_TASK_
Could you repeat, word for word, the line with "Lit Cabane DAILY" and every line after it in the records below, leaving out any pictures?

((

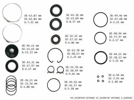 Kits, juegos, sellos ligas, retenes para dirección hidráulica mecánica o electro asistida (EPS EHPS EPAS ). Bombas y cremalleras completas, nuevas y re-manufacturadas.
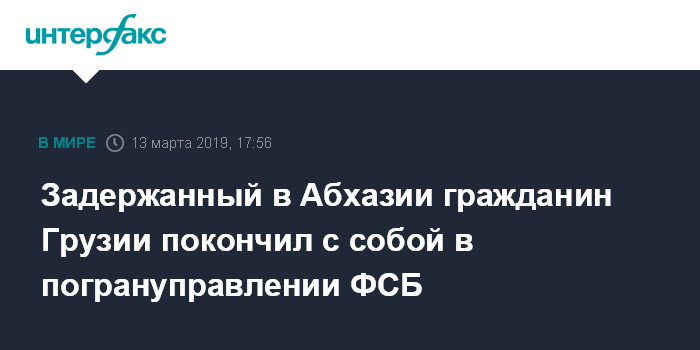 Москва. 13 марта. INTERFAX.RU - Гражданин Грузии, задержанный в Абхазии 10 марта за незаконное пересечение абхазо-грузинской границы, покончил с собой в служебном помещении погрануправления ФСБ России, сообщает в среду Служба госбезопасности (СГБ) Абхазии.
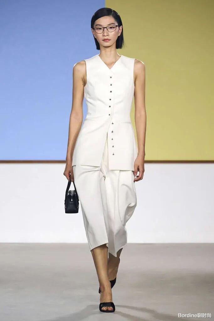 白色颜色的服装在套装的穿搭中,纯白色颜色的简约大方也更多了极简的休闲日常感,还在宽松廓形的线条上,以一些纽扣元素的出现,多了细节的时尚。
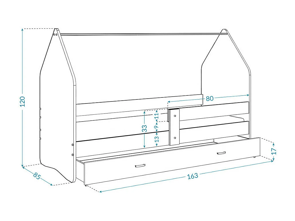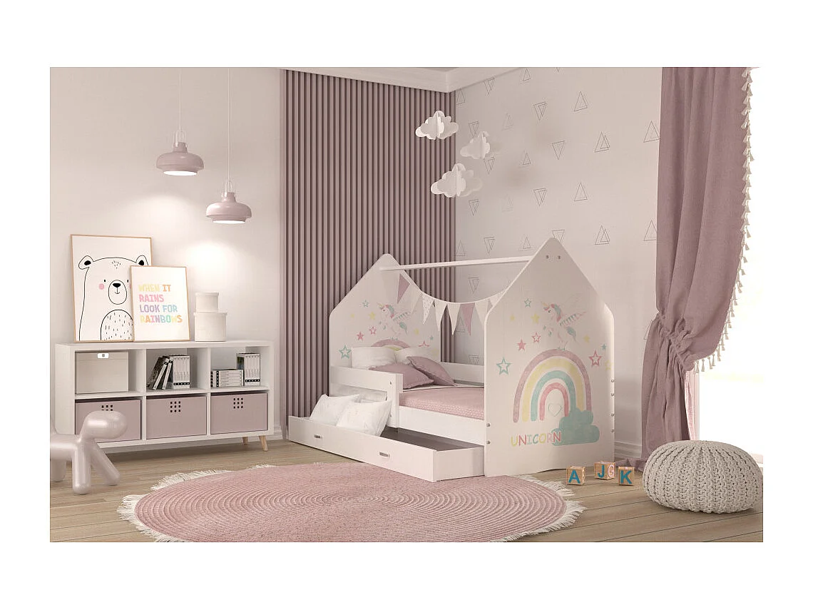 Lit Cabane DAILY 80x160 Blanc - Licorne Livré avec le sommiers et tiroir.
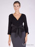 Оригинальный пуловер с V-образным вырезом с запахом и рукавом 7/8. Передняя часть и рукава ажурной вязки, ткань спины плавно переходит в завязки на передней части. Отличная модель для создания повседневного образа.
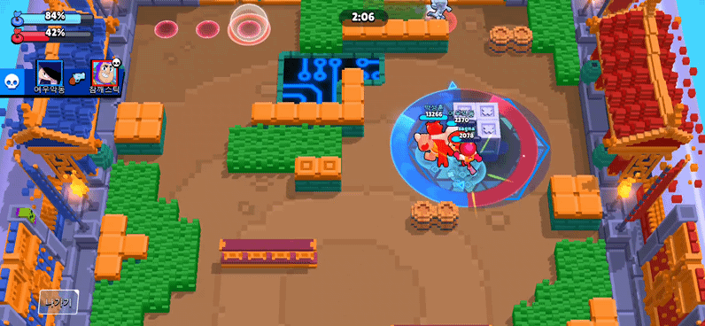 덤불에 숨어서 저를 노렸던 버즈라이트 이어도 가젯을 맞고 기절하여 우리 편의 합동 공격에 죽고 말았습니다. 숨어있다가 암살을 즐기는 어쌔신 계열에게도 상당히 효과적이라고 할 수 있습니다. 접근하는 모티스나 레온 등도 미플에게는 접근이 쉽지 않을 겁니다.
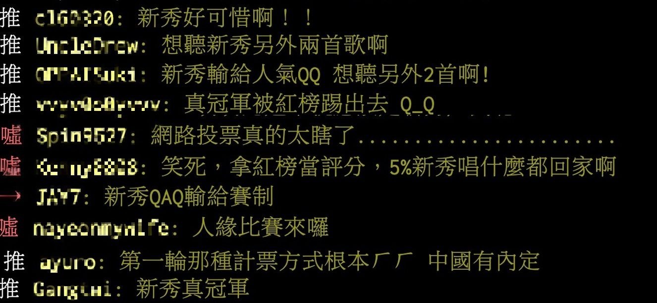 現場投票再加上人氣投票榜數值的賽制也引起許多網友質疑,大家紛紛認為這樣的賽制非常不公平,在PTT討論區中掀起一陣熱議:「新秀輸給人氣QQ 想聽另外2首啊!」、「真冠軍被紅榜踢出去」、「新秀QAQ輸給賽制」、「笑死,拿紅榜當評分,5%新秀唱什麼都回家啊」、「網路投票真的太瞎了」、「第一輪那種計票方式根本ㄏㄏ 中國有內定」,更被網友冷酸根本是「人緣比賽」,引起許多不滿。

))

_SOLUTION FOR THIS EXERCISE_
 Lit Cabane DAILY 80x160 Blanc - Licorne Livré avec le sommiers et tiroir.
 Оригинальный пуловер с V-образным вырезом с запахом и рукавом 7/8. Передняя часть и рукава ажурной вязки, ткань спины плавно переходит в завязки на передней части. Отличная модель для создания повседневного образа.
 덤불에 숨어서 저를 노렸던 버즈라이트 이어도 가젯을 맞고 기절하여 우리 편의 합동 공격에 죽고 말았습니다. 숨어있다가 암살을 즐기는 어쌔신 계열에게도 상당히 효과적이라고 할 수 있습니다. 접근하는 모티스나 레온 등도 미플에게는 접근이 쉽지 않을 겁니다.
 現場投票再加上人氣投票榜數值的賽制也引起許多網友質疑,大家紛紛認為這樣的賽制非常不公平,在PTT討論區中掀起一陣熱議:「新秀輸給人氣QQ 想聽另外2首啊!」、「真冠軍被紅榜踢出去」、「新秀QAQ輸給賽制」、「笑死,拿紅榜當評分,5%新秀唱什麼都回家啊」、「網路投票真的太瞎了」、「第一輪那種計票方式根本ㄏㄏ 中國有內定」,更被網友冷酸根本是「人緣比賽」,引起許多不滿。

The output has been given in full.